I'm studying Reinforcement Learning and reading Sutton's book for a university course. Beside the classic PD, MC, TD and Q-Learning algorithms, I'm reading about policy gradient methods and genetic algorithms for the resolution of decision problems. I have never had experience before in this topic and I'm having problems understanding when a technique should be preferred over another. I have a few ideas, but I'm not sure about them. Can someone briefly explain or tell me a source where I can find something about typical situation where a certain methods should be used? As far as I understand:
- Dynamic Programming and Linear Programming should be used only when the MDP has few actions and states and the model is known, since it's very expensive. But when DP is better than LP?
- Monte Carlo methods are used when I don't have the model of the problem but I can generate samples. It does not have bias but has high variance.
- Temporal Difference methods should be used when MC methods need too many samples to have low variance. But when should I use TD and when Q-Learning?
- Policy Gradient and Genetic algorithms are good for continuous MDPs. But when one is better than the other?

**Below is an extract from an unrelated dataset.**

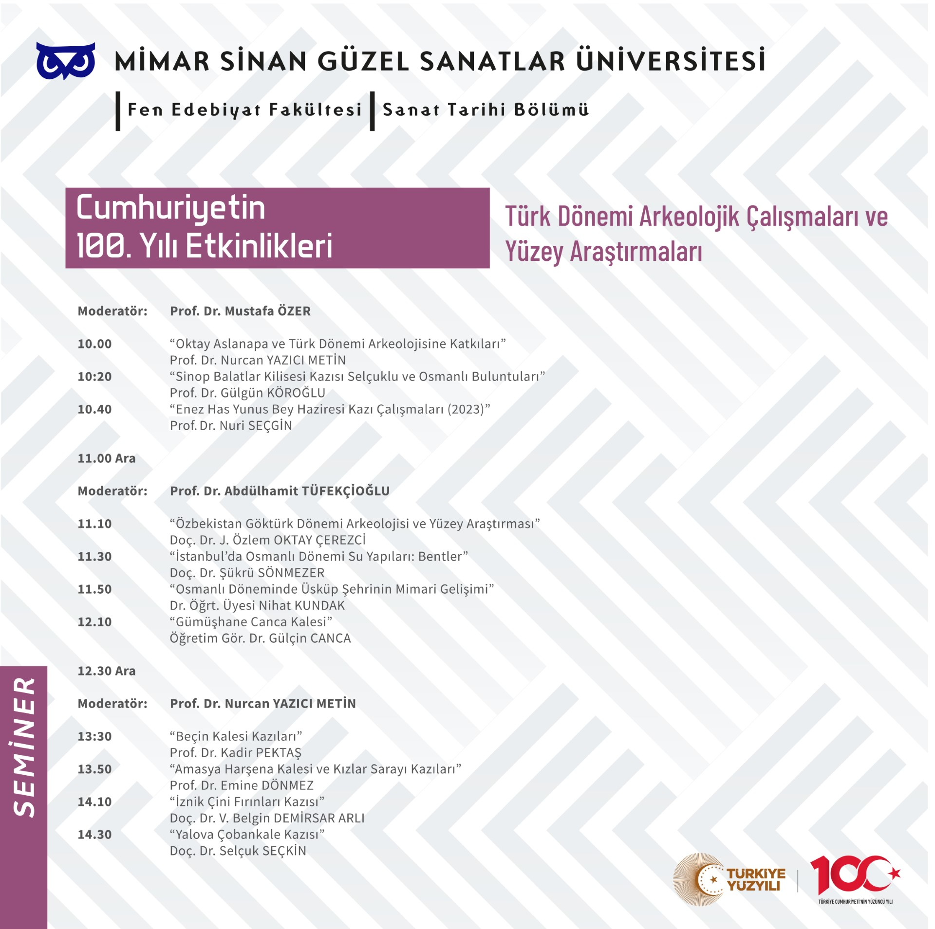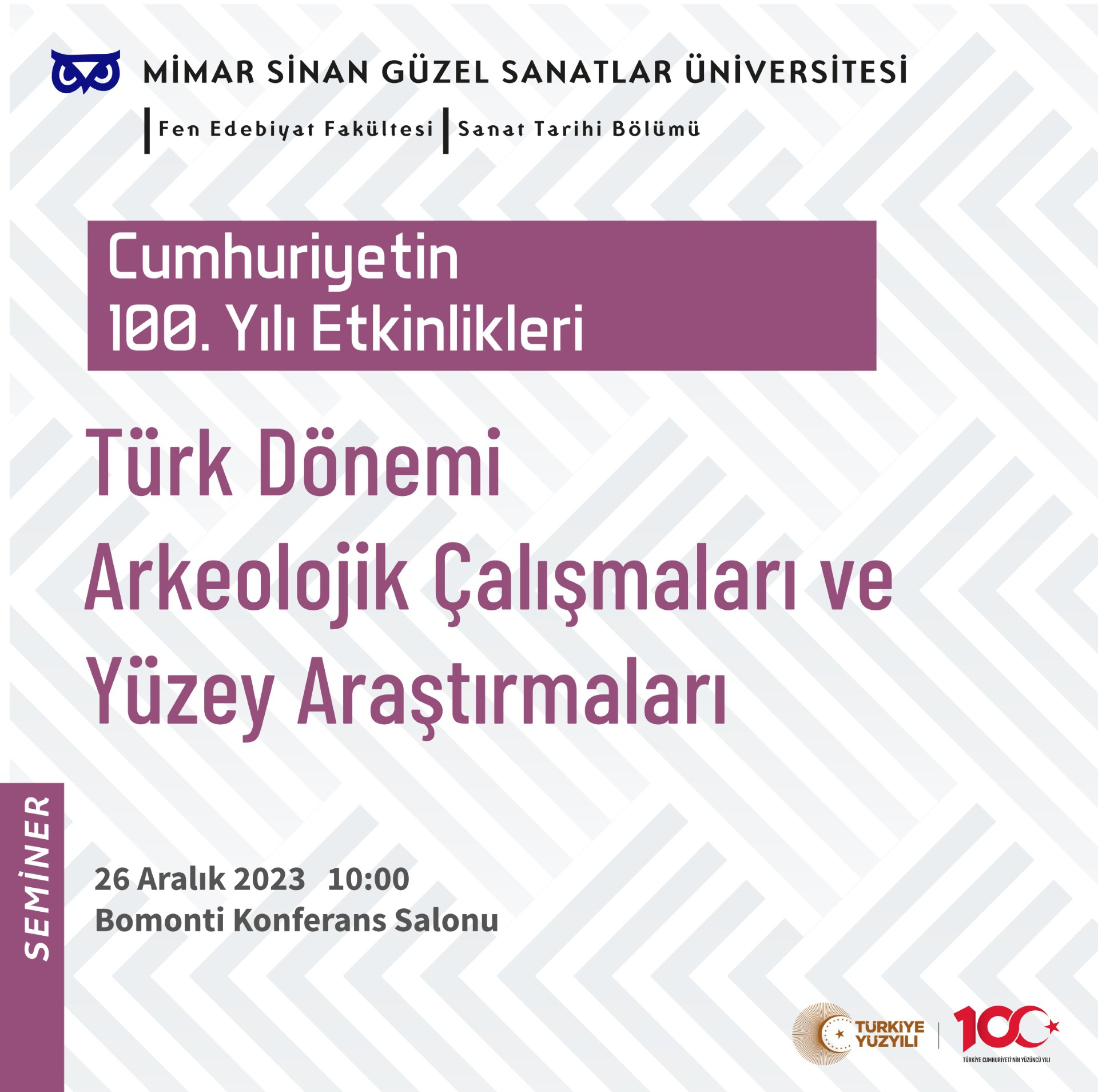 26 Aralık 2023, 10:00Cumhuriyetin 100. Yılı Etkinlikleri kapsamında Sanat Tarihi Bölümü tarafından düzenlenen “Türk Dönemi Arkeolojik Çalışmaları ve Yüzey Araştırmaları” başlıklı seminer, 26 Aralık 2023 tarihinde Bomonti Konferans Salonu’nda verilecektir.

More precisely, I think that to choose a learning methods a programmer should ask himlself the following questions:
- does the agent learn online or offline?
- can we separate exploring and exploiting phases?
- can we perform enough exploration?
- is the horizon of the MDP finite or infinite?
- are states and actions continuous?
But I don't know how these details of the problem affect the choice of a learning method. I hope that some programmer has already had some experience about RL methods and can help me to better understand their applications.